> **Requirement**: The whole listing should be retyped word for word, apart from the pictures it holds.

> **Information supplied**:

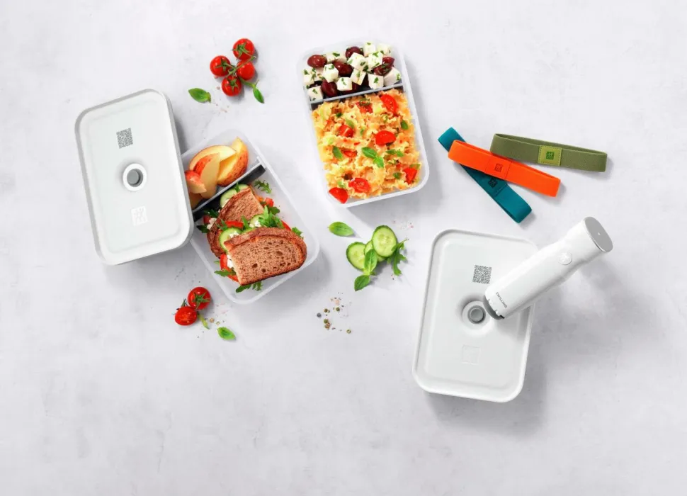 elastisk bånd lader dig forslutte boksen også uden vakuum, eksempelvis om du tager matlådorna med til kontoret
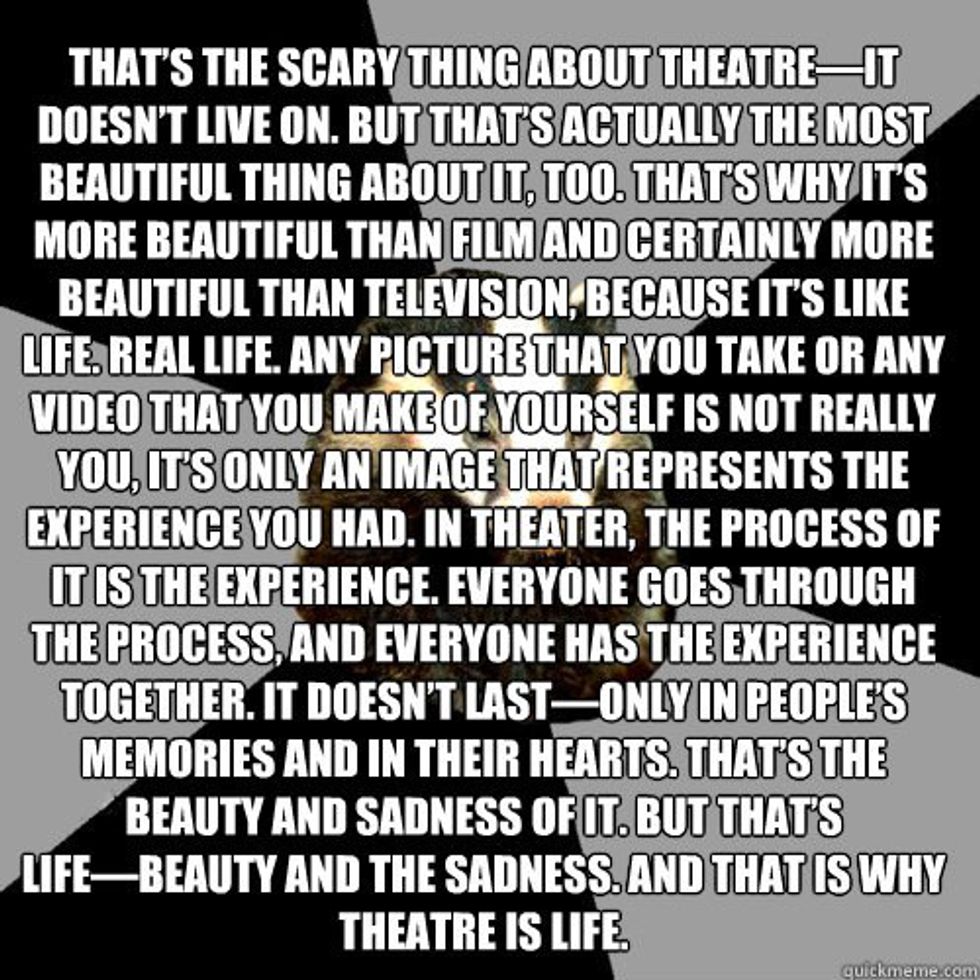 Working in theatre has its ups and downs. Long nights of rehearsals, load in and strikes for days, and there are some days that you never see the sun, but it is one of the most rewarding jobs out there, especially for anyone who loves theatre. Whether you're an actor that lives for the applause or a techie that lives for creation and ideas, theatre is something we can all call home because it's our calling. It brings along many lovely things and one of those things are funny memes about inside jokes throughout the theatre world.
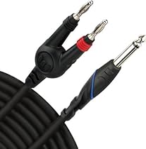 Monster Standard 100 Speaker Cable 50 Feet Straight 1/4 Inch to Dual Bananas Review: Monster Standard 100 Speaker Cable - 50 Feet - Straight 1/4-Inch to Dual Bananas. I use these with a 3000watt amp and 1000 watt speakers. the cord is light per foot and loud for the length. Finally I can stretch the distance of my speakers and not worry about the connections. The bananna end plugs firmly into the amp, and the 1/4" nicely supported end in my speaker. a small green velcrow strap holds the cord in a nice bundle for transportation. Cant confuse polarity with the marked RED and BLACK bananna end... very nice to have. Also provides peice of mind. 1 ... Read more »

> **Task solution**:
 elastisk bånd lader dig forslutte boksen også uden vakuum, eksempelvis om du tager matlådorna med til kontoret
 Working in theatre has its ups and downs. Long nights of rehearsals, load in and strikes for days, and there are some days that you never see the sun, but it is one of the most rewarding jobs out there, especially for anyone who loves theatre. Whether you're an actor that lives for the applause or a techie that lives for creation and ideas, theatre is something we can all call home because it's our calling. It brings along many lovely things and one of those things are funny memes about inside jokes throughout the theatre world.
 Monster Standard 100 Speaker Cable 50 Feet Straight 1/4 Inch to Dual Bananas Review: Monster Standard 100 Speaker Cable - 50 Feet - Straight 1/4-Inch to Dual Bananas. I use these with a 3000watt amp and 1000 watt speakers. the cord is light per foot and loud for the length. Finally I can stretch the distance of my speakers and not worry about the connections. The bananna end plugs firmly into the amp, and the 1/4" nicely supported end in my speaker. a small green velcrow strap holds the cord in a nice bundle for transportation. Cant confuse polarity with the marked RED and BLACK bananna end... very nice to have. Also provides peice of mind. 1 ... Read more »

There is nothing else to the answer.